> _Instructions to follow_
Could you restate every entry word for word, leaving the pictures out?

═══

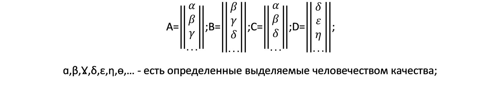 Пусть некоторые материальные объекты A,B,C,D имеют различную совокупность выделяемых человечеством качеств (физических или биологических):
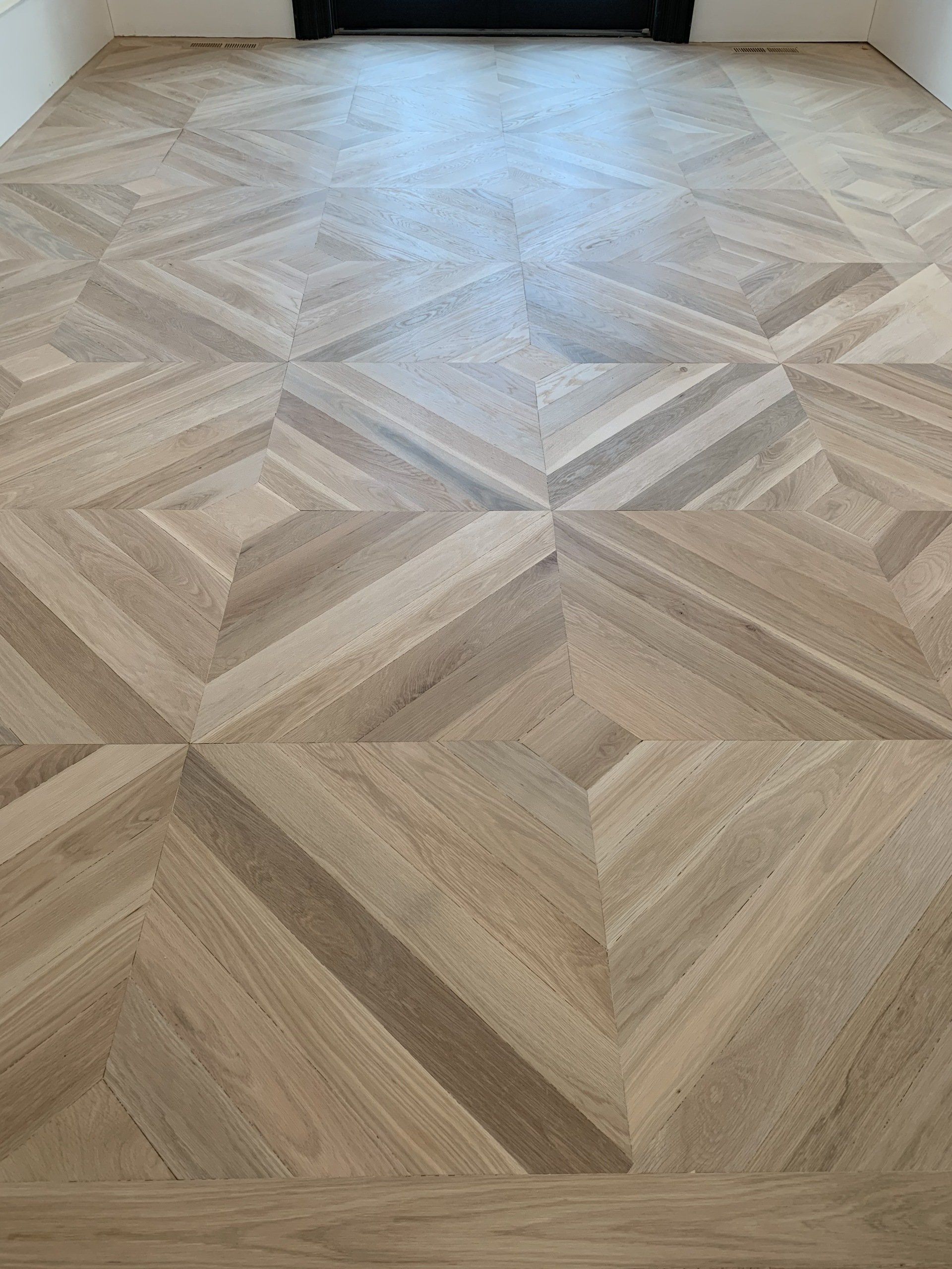 French Parquet wood flooring was originally designed to replace historic estates’ stone and marble floors. Those rigid surfaces eventually wreaked havoc on the mansions’ enormous wood frameworks. Parquet wooden floors, on the other hand, built using 3’ x 3’ square units, proved far more forgiving than the historic rock-hard surfacing. Not only did French Florentine Parquet prove architecturally functional, but also became universally famous for its eye-catching designs. Recently, Temple Johnson Floor was approached about a custom wood floor design. It called for scaling down a French parquet’s standard 3’ x 3’ squares to only 2’ x 2’. Clients could never order such a one-of-a-kind design through today’s big box, wholesale flooring stores, who depend on volume sales. It would be difficult to order them from anywhere, really, even though the clients had hoped to begin as soon as possible.
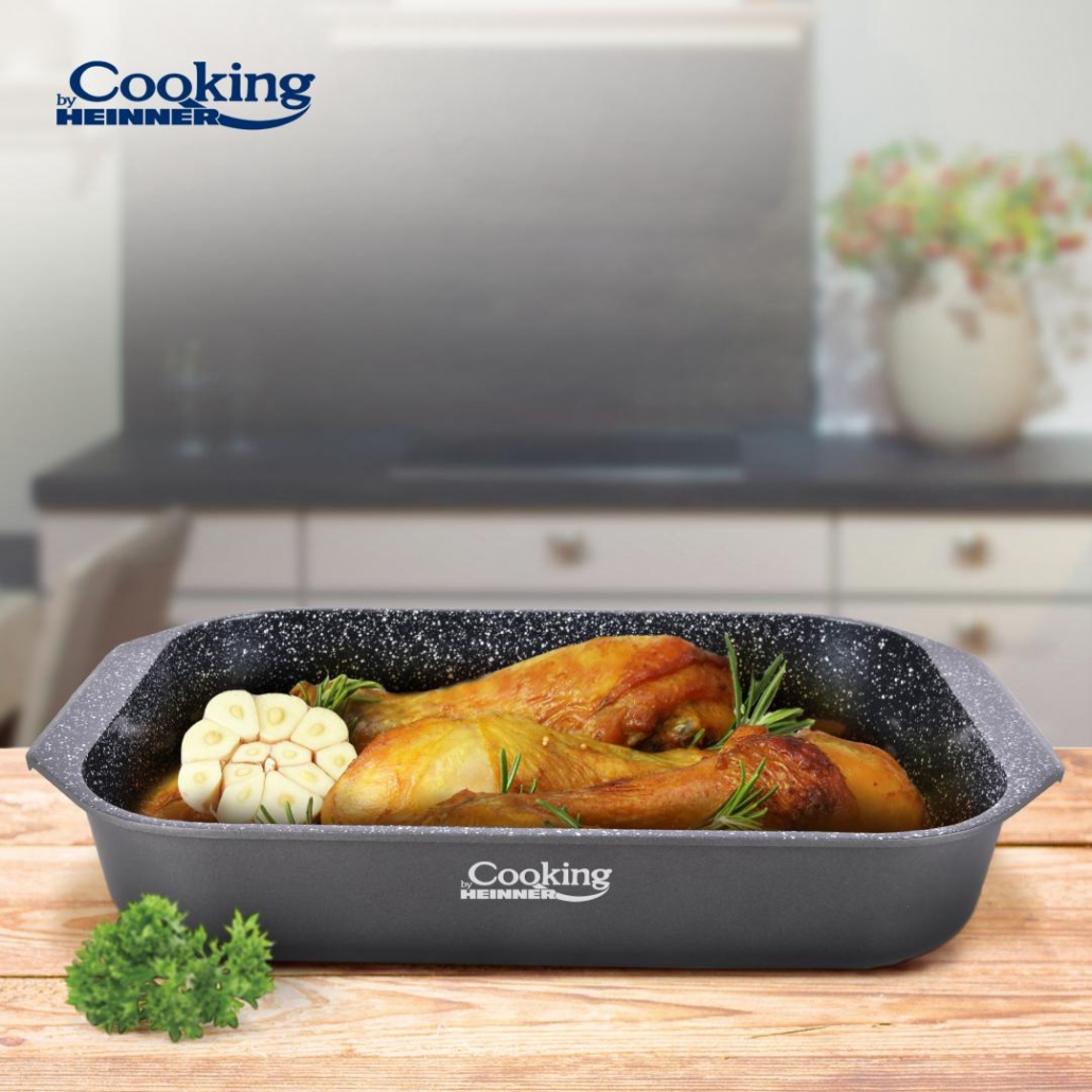 TAVA ALUMINIU 39.5x26x6.3 CM, DARK LINE Material: aluminiu turnat Interior: ceramica neagra Ambalaj: eticheta color
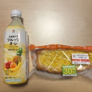 出勤前にセブンの「つぶつぶコーンマヨネーズ」と「フ…
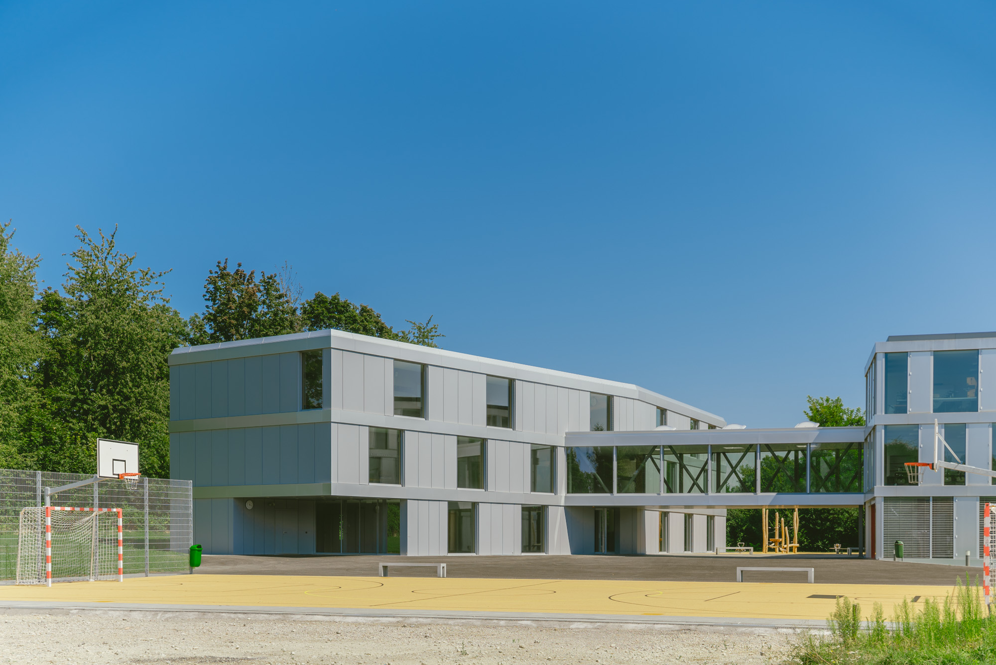 Les nouvelles salles de classe, les bureaux et les zones de dégagement offrent un cadre d’apprentissage moderne et fonctionnel. Les matériaux ont été choisis avec soin : une structure mêlant béton apparent et bois pour une atmosphère chaleureuse, des façades ventilées à l’esthétique contemporaine, ainsi que des finitions robustes adaptées à l’usage quotidien.
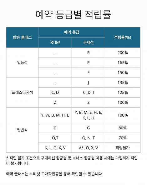 대한항공 클래스별 마일리지 적립 안내 네이버 블로그
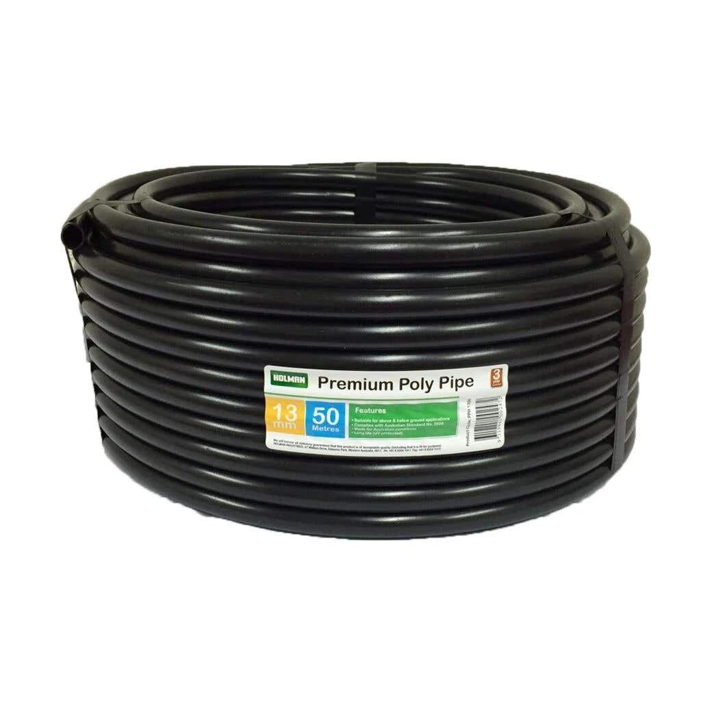 The Holman Premium Poly Pipe in 13mm x 50m is a top-quality irrigation solution designed for versatility and reliability. Crafted from premium materials, this poly tube is specifically tailored for various irrigation applications. Its low-density composition ensures flexibility and ease of handling, making it a practical choice for both above and below-ground installations. The pipe readily accepts standard barbed micro fittings, facilitating a seamless integration into your irrigation system. Poly tube is used for irrigation applications ranging from watering your garden bed to having a full-scale watering system that includes all garden areas. Use poly tubes when setting up spray systems, drip systems and sprinkler systems.
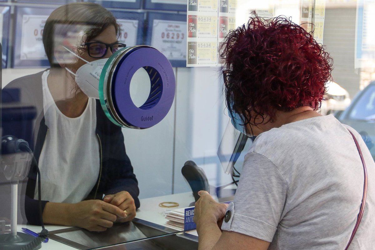 Archivo - Una lotera de una dministración atiende a una clienta - Iván Terrón - Europa Press - Archivo
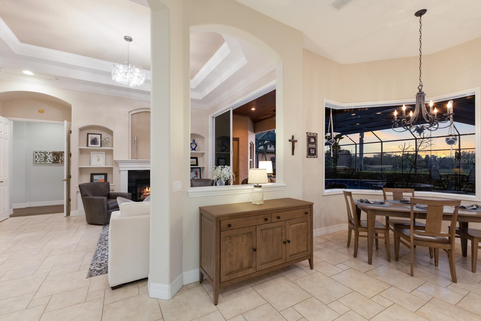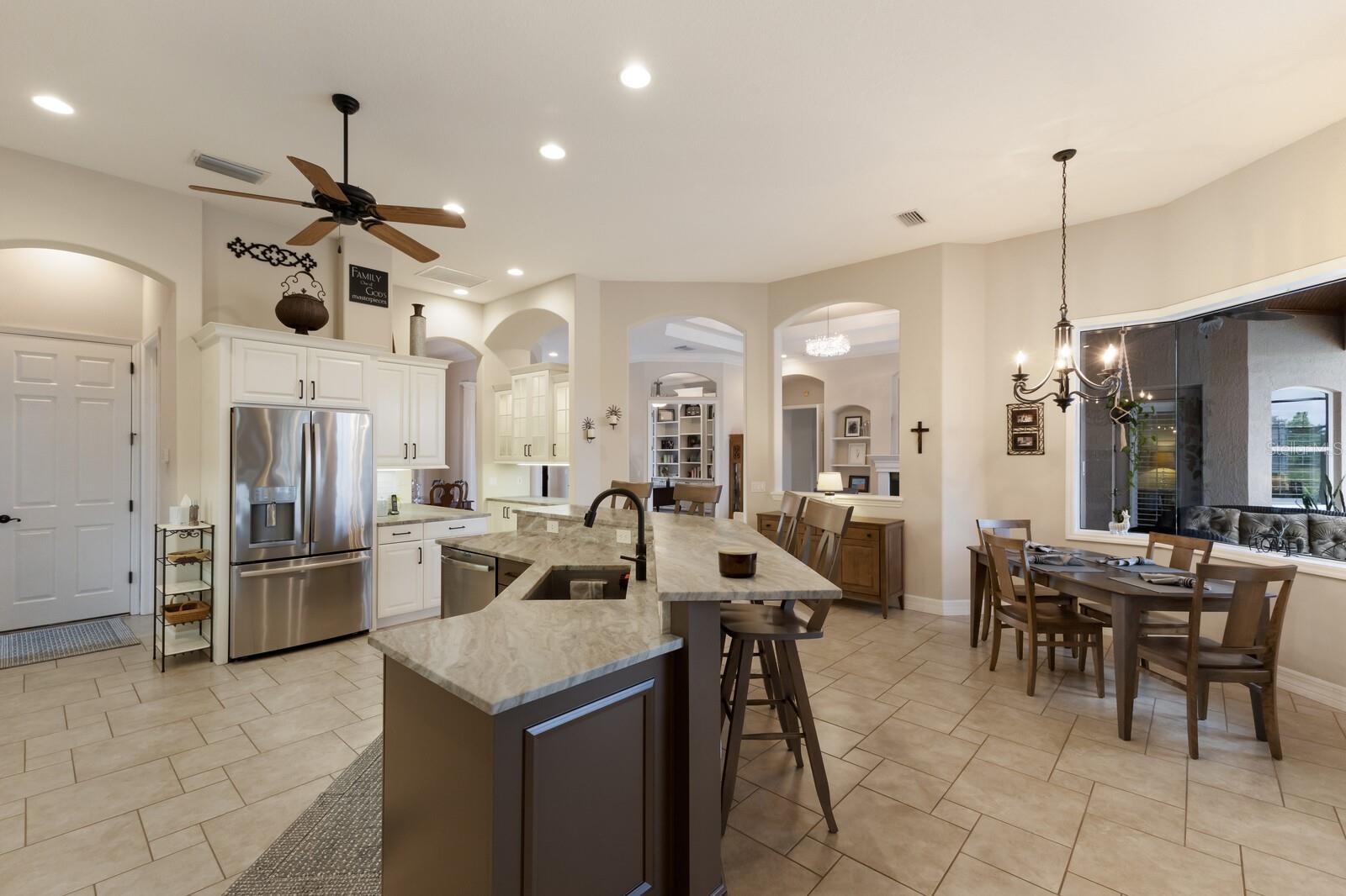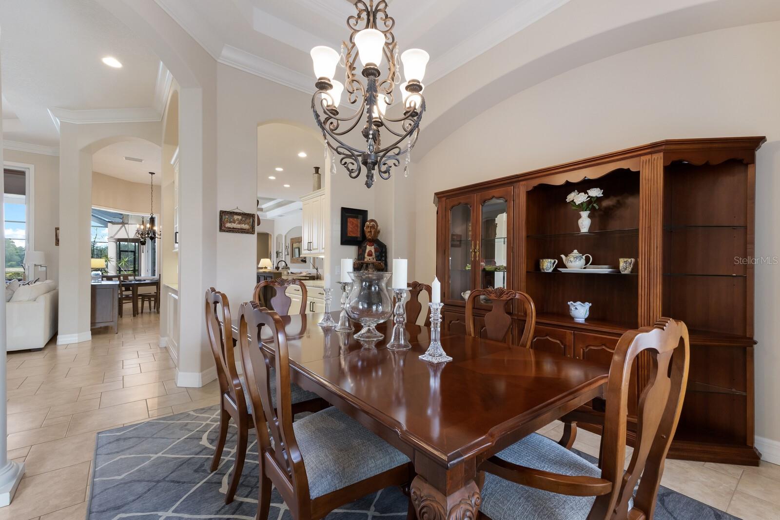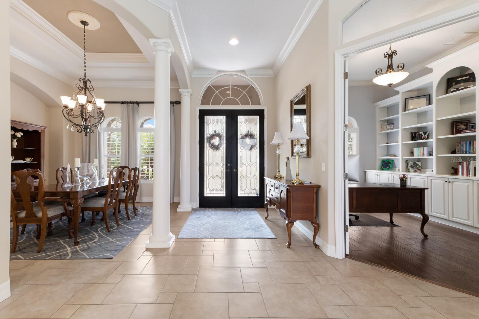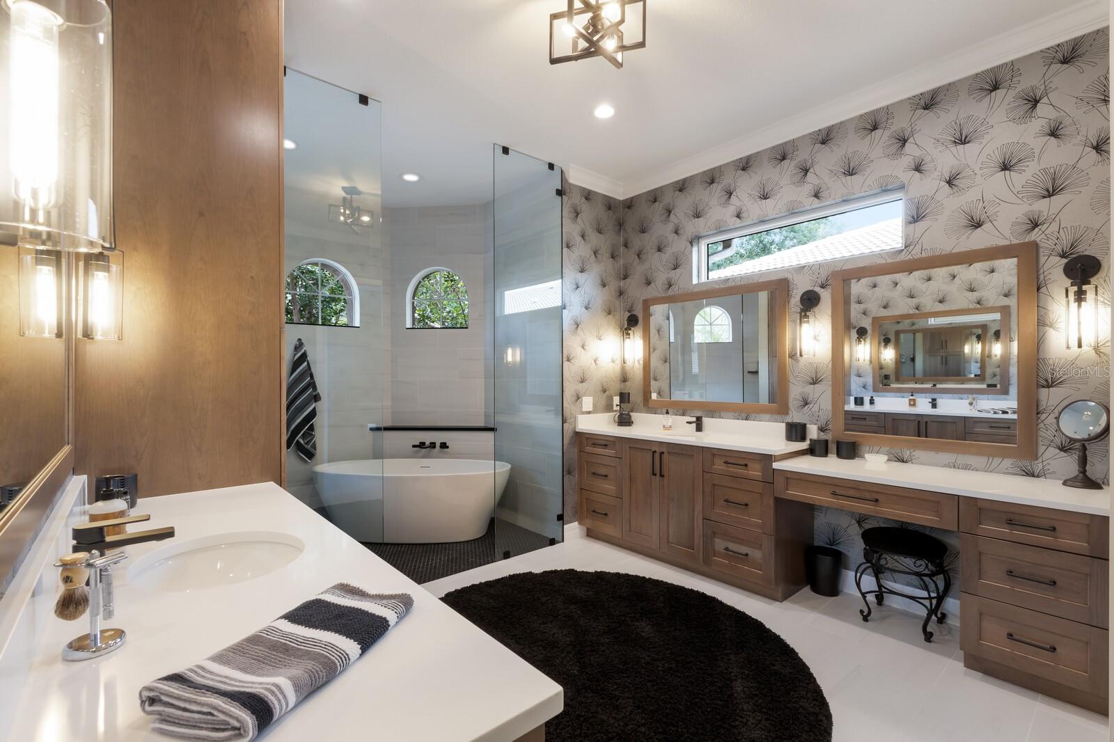 This stunning custom-built Peregrine home is perfectly positioned on one of the most sought-after homesites in Lakewood Ranch Golf & CC! Located on the Arnold Palmer designed Cypress Links #7, it offers breathtaking golf & water views. From the moment you arrive, the impressive curb appeal, circular drive & lush landscape set the stage for the elegance that awaits. Beautiful double glass doors open into a bright & welcoming foyer guiding you to the main living spaces. To the right, you'll find the formal dining area -perfect for hosting elegant dinners & to the left, a private office with French doors, hardwood floors & custom built-ins. Designed for both comfort & sophistication, the living room features a cozy fireplace, tray ceilings & a wall of sliders that draw your eye to the picturesque outdoors. A butler’s pantry with ample storage seamlessly connects the dining room to the newly remodeled kitchen, offering both style & functionality. It features an abundance of solid wood cabinetry, new backsplash, stainless appliances, granite countertops, double ovens, a breakfast bar & a spacious walk-in pantry. It also includes a charming eat-in area with a large aquarium window, offering the perfect spot to enjoy a morning coffee. Off the kitchen, the great room is an inviting space for family gatherings with built-in entertainment wall, tile floors, crown moldings, tray ceilings, architectural niches & sliders that bring the tropical outdoors in! At the rear of the home, a generous sized bonus room (currently used as a home gym) provides endless possibilities & is located next to a convenient pool bath. The luxurious primary suite offers a private retreat with a serene sitting area & windows that frame the amazing views. The recently remodeled ensuite bath is a true spa-like escape, featuring double quartz vanities, a huge walk-in shower & an elegant soaking tub. There are TWO walk-in closets with extensive built-in cabinetry providing ample storage, while glass block windows fill the space with natural light. The home’s 2nd & 3rd bedrooms share a beautifully remodeled Jack-and-Jill bath with dual quartz vanities, seamless glass shower doors & new fixtures. Both bedrooms exude charm with hand-scraped wood floors, built-in window seats & walk-in closets with custom storage solutions. A beautiful hardwood staircase leads to an incredible second-level bonus suite, ideal for an in-law arrangement or private guest retreat. This space features a spacious living area with blackout blinds, a wet bar with fridge, a 4th bedroom & a full bath! A large 2nd floor screened-in balcony offers a peaceful place to sip a glass of wine while overlooking the tranquil natural surroundings. Designed for Florida’s coveted indoor-outdoor lifestyle, this home boasts an expansive outdoor space with 2 covered areas adorned with cypress ceilings, perfect for relaxing or dining al fresco. A stunning heated pool with sun deck & spa create the ultimate backyard oasis. Bonus of a 3-car garage offering ample storage & epoxy flooring. LWR Golf & CC offers Social, Athletic & Golf memberships which are all OPTIONAL. These include FOUR 18-hole championship courses, a state-of-the-art fitness center, a junior Olympic pool, tennis, pickleball, dining, social activities year-round & MORE! Enjoy close proximity to endless shopping, incredible restaurants, vibrant arts, easy access to I-75, top-notch healthcare, A-rated schools & our award-winning area beaches!

═══

> _Reply_
 Пусть некоторые материальные объекты A,B,C,D имеют различную совокупность выделяемых человечеством качеств (физических или биологических):
 French Parquet wood flooring was originally designed to replace historic estates’ stone and marble floors. Those rigid surfaces eventually wreaked havoc on the mansions’ enormous wood frameworks. Parquet wooden floors, on the other hand, built using 3’ x 3’ square units, proved far more forgiving than the historic rock-hard surfacing. Not only did French Florentine Parquet prove architecturally functional, but also became universally famous for its eye-catching designs. Recently, Temple Johnson Floor was approached about a custom wood floor design. It called for scaling down a French parquet’s standard 3’ x 3’ squares to only 2’ x 2’. Clients could never order such a one-of-a-kind design through today’s big box, wholesale flooring stores, who depend on volume sales. It would be difficult to order them from anywhere, really, even though the clients had hoped to begin as soon as possible.
 TAVA ALUMINIU 39.5x26x6.3 CM, DARK LINE Material: aluminiu turnat Interior: ceramica neagra Ambalaj: eticheta color
 出勤前にセブンの「つぶつぶコーンマヨネーズ」と「フ…
 Les nouvelles salles de classe, les bureaux et les zones de dégagement offrent un cadre d’apprentissage moderne et fonctionnel. Les matériaux ont été choisis avec soin : une structure mêlant béton apparent et bois pour une atmosphère chaleureuse, des façades ventilées à l’esthétique contemporaine, ainsi que des finitions robustes adaptées à l’usage quotidien.
 대한항공 클래스별 마일리지 적립 안내 네이버 블로그
 The Holman Premium Poly Pipe in 13mm x 50m is a top-quality irrigation solution designed for versatility and reliability. Crafted from premium materials, this poly tube is specifically tailored for various irrigation applications. Its low-density composition ensures flexibility and ease of handling, making it a practical choice for both above and below-ground installations. The pipe readily accepts standard barbed micro fittings, facilitating a seamless integration into your irrigation system. Poly tube is used for irrigation applications ranging from watering your garden bed to having a full-scale watering system that includes all garden areas. Use poly tubes when setting up spray systems, drip systems and sprinkler systems.
 Archivo - Una lotera de una dministración atiende a una clienta - Iván Terrón - Europa Press - Archivo
 This stunning custom-built Peregrine home is perfectly positioned on one of the most sought-after homesites in Lakewood Ranch Golf & CC! Located on the Arnold Palmer designed Cypress Links #7, it offers breathtaking golf & water views. From the moment you arrive, the impressive curb appeal, circular drive & lush landscape set the stage for the elegance that awaits. Beautiful double glass doors open into a bright & welcoming foyer guiding you to the main living spaces. To the right, you'll find the formal dining area -perfect for hosting elegant dinners & to the left, a private office with French doors, hardwood floors & custom built-ins. Designed for both comfort & sophistication, the living room features a cozy fireplace, tray ceilings & a wall of sliders that draw your eye to the picturesque outdoors. A butler’s pantry with ample storage seamlessly connects the dining room to the newly remodeled kitchen, offering both style & functionality. It features an abundance of solid wood cabinetry, new backsplash, stainless appliances, granite countertops, double ovens, a breakfast bar & a spacious walk-in pantry. It also includes a charming eat-in area with a large aquarium window, offering the perfect spot to enjoy a morning coffee. Off the kitchen, the great room is an inviting space for family gatherings with built-in entertainment wall, tile floors, crown moldings, tray ceilings, architectural niches & sliders that bring the tropical outdoors in! At the rear of the home, a generous sized bonus room (currently used as a home gym) provides endless possibilities & is located next to a convenient pool bath. The luxurious primary suite offers a private retreat with a serene sitting area & windows that frame the amazing views. The recently remodeled ensuite bath is a true spa-like escape, featuring double quartz vanities, a huge walk-in shower & an elegant soaking tub. There are TWO walk-in closets with extensive built-in cabinetry providing ample storage, while glass block windows fill the space with natural light. The home’s 2nd & 3rd bedrooms share a beautifully remodeled Jack-and-Jill bath with dual quartz vanities, seamless glass shower doors & new fixtures. Both bedrooms exude charm with hand-scraped wood floors, built-in window seats & walk-in closets with custom storage solutions. A beautiful hardwood staircase leads to an incredible second-level bonus suite, ideal for an in-law arrangement or private guest retreat. This space features a spacious living area with blackout blinds, a wet bar with fridge, a 4th bedroom & a full bath! A large 2nd floor screened-in balcony offers a peaceful place to sip a glass of wine while overlooking the tranquil natural surroundings. Designed for Florida’s coveted indoor-outdoor lifestyle, this home boasts an expansive outdoor space with 2 covered areas adorned with cypress ceilings, perfect for relaxing or dining al fresco. A stunning heated pool with sun deck & spa create the ultimate backyard oasis. Bonus of a 3-car garage offering ample storage & epoxy flooring. LWR Golf & CC offers Social, Athletic & Golf memberships which are all OPTIONAL. These include FOUR 18-hole championship courses, a state-of-the-art fitness center, a junior Olympic pool, tennis, pickleball, dining, social activities year-round & MORE! Enjoy close proximity to endless shopping, incredible restaurants, vibrant arts, easy access to I-75, top-notch healthcare, A-rated schools & our award-winning area beaches!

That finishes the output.